The pseudo image generator relies on ground-truth supervision and cannot be directly applied in unsupervised or self-supervised pre-training settings.
The overall architecture is relatively simple (MLP + U-Net); more expressive cross-modal interaction mechanisms (e.g., cross-attention, prompt tuning) remain unexplored.
Ablation studies isolating the individual contributions of BMF and IAC are absent.

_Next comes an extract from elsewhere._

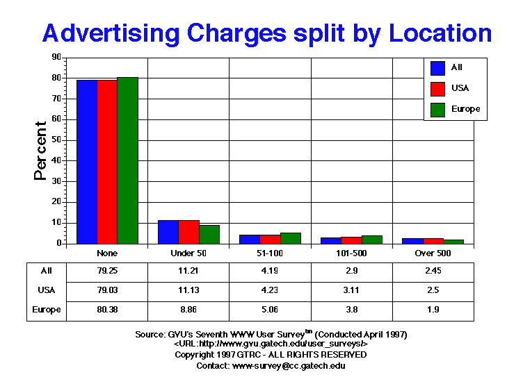 - More Webmasters report not providing advertising on their site (79.25%) than in the Sixth Survey (75.5%). Also, slightly fewer report charging more than $100/week (5.35% Seventh vs. 6.8% Sixth). While this may not seem like a large number of sites, it is more than a 500% increase when compared to the Third years, where only 1% charged this much for advertising.
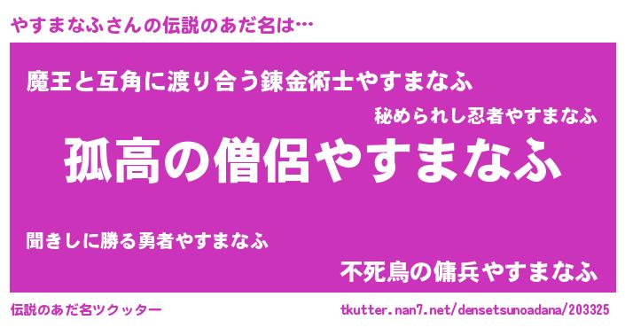 | 胡散臭い通販商品みたいなあだ名 | 『信頼と実績のネックレス…その名も「やすまなふ」』 |

The cycle consistency idea in bidirectional fusion is generalizable to other vision-language tasks (e.g., referring segmentation, VQA), with the key principle being "letting visual feedback refine linguistic representations."
IAC's weak/strong augmentation consistency can serve as a general-purpose regularization strategy for any multimodal learning scenario with limited labeled data.
The pseudo image bridge design is worth exploring in 3D medical segmentation (e.g., nnU-Net + text).

Rating¶

Novelty: ⭐⭐⭐⭐ The combination of bidirectional fusion loop and augmentation consistency is novel, though individual components are relatively standard.
Experimental Thoroughness: ⭐⭐⭐ Two datasets, low-annotation, and noise robustness experiments are well-covered, but ablation studies and cross-domain validation are lacking.
Writing Quality: ⭐⭐⭐⭐ Method description is clear with well-formulated equations, though the introduction is somewhat lengthy.
Value: ⭐⭐⭐⭐ Practical value in low-annotation robustness for medical segmentation.